La lunga cassa lungo lo stretto muro contiene reperti provenienti dalla grotta Coricia, come due vasi del tardo Neolitico, alcune statuette di argilla, lame di ossidiana e alcune delle ossa scoperte in loco. Alcune statuette raffigurano korae (giovani donne) e animali. La mostra più impressionante, tuttavia, è un coro delle Muse attorno a Pan. Nel resto dei casi sono esposti lekythoi a figure nere, figurine di argilla, una statuetta piuttosto grande di Afrodite e uno specchio pieghevole decorato con la testa della stessa dea. Infine, alcune opere tardo antiche come le lampade a olio e un leopardo in madreperla offrono uno scorcio sulla città di Delfi nella tarda antichità.

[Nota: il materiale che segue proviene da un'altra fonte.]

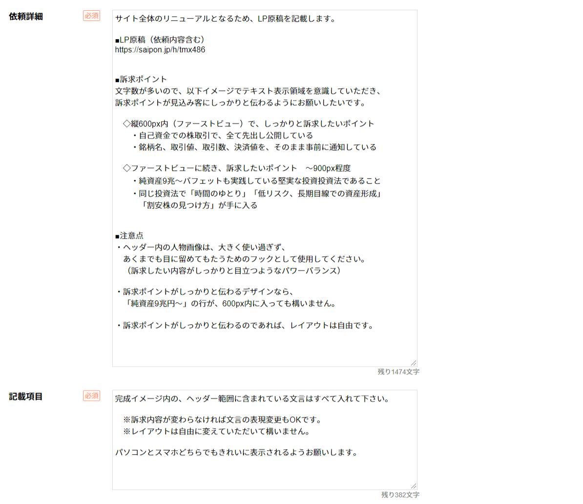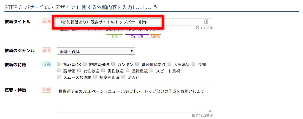 依頼タイトルはメルマガや、LPのヘッドコピーと同じ考え方です。

Note[modifica | modifica wikitesto]

  1. ^ a b c d Ministry of Culture and Sports | Delphi Archaeological Museum, su odysseus.culture.gr. URL consultato l'11 marzo 2018.
  2. ^ a b Grèce continentale. Guide bleu., p. 415.
  3. ^ Grèce continentale. Guide bleu., p. 414-415.
  4. ^ Grèce continentale. Guide bleu., p. 415-416
  5. ^ a b c d Grèce continentale. Guide bleu., p. 416.
  6. ^ a b Grèce continentale. Guide bleu., p. 417.